Whilst I’m sympathetic to Thaler and Sunstein’s response to the oxymoron charge, the ethical debate shouldn’t end there. Perhaps the question of autonomy and paternalism can be tackled head-on by asking how individuals might design their own choice architectures. If I know that I am liable to make poor decisions in certain contexts, I want to be able to nudge myself to correct that. I don’t want to rely solely on a benevolent system designer / policy-maker to do it for me. I want systems to ensure that my everyday, unconsidered behaviours, made in the heat-of-the-moment, are consistent with my life goals, which I define in more carefully considered, reflective states of mind.
In our digital lives, choice architectures are everywhere, highly optimised and A/B tested, designed to make you click exactly the way the platform wants you to. But there is also the possibility that they can be reconfigured by the individual to suit their will. An individual can tailor their web experience by configuring their browser to exclude unwanted aspects and superimpose additional functions onto the sites they visit.

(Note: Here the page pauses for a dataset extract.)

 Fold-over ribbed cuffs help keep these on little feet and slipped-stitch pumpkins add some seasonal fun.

This general capacity – for content, functionality and presentation to be altered by the individual – is a pre-requisite for refashioning choice architectures in our own favour. Services like RescueTime, which blocks certain websites for certain periods, represent a very basic kind of user-defined choice architecture which simply removes certain choices altogether. But more sophisticated systems would take an individuals’ own carefully considered life goals – say, to eat healthily, be prudent, or get a broader perspective on the world – and construct their digital experiences to nudge behaviour which furthers those goals.

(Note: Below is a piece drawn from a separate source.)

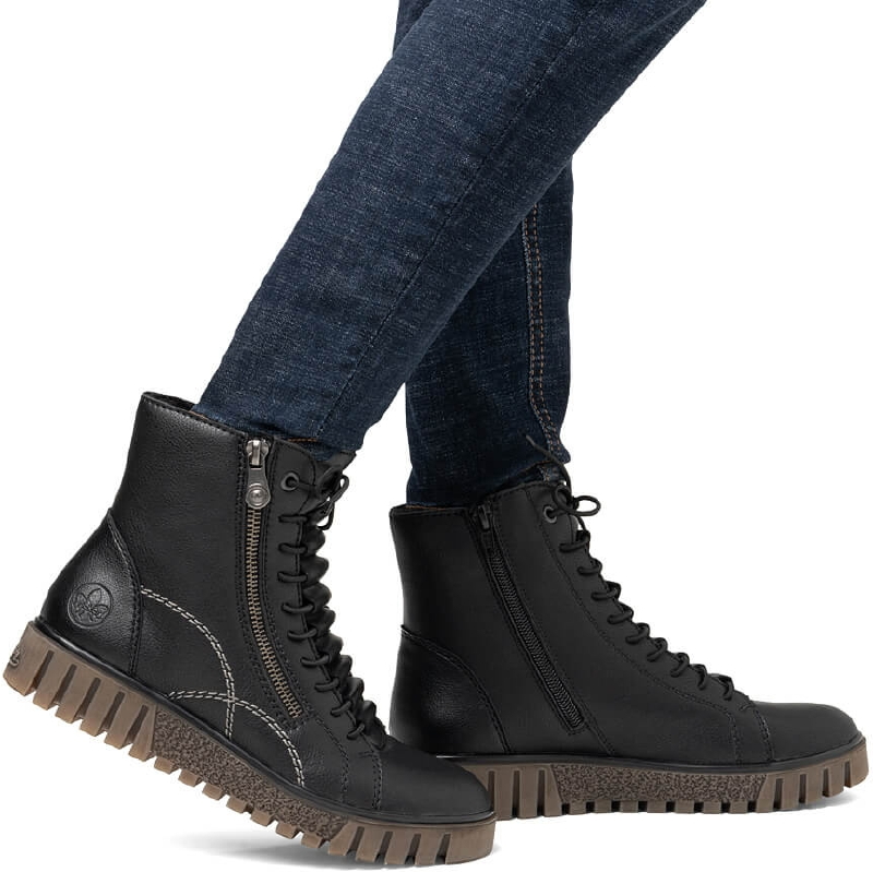 Skórzane botki damskie na platformie czarne Rieker Y3410-00

Take, for instance, online privacy. Research by behavioural economist Alessandro Acquisti and colleagues at CMU has shown how effective nudging privacy can be. The potential for user-defined privacy nudges is strong. In a reflective, rational state, I may set myself a goal to keep my personal life private from my professional life. An intelligent privacy management system could take that goal and insert nudges into the choice architectures which might otherwise induce me to mess up. For instance, by alerting me when I’m about to accept a work colleague as a friend on a personal social network.
Next generation nudge systems should enable a user-defined choice architecture layer, which can be superimposed over the existing choice architectures. This would allow individuals to A/B test their decision-making and habits, and optimise them for their own ends. Ignoring the power of nudges is no longer a realistic or desirable option. We need intentionally designed choice architectures to help us navigate the complex world we live in. But the aims embedded in these architectures need to be driven by our own values, priorities and life goals.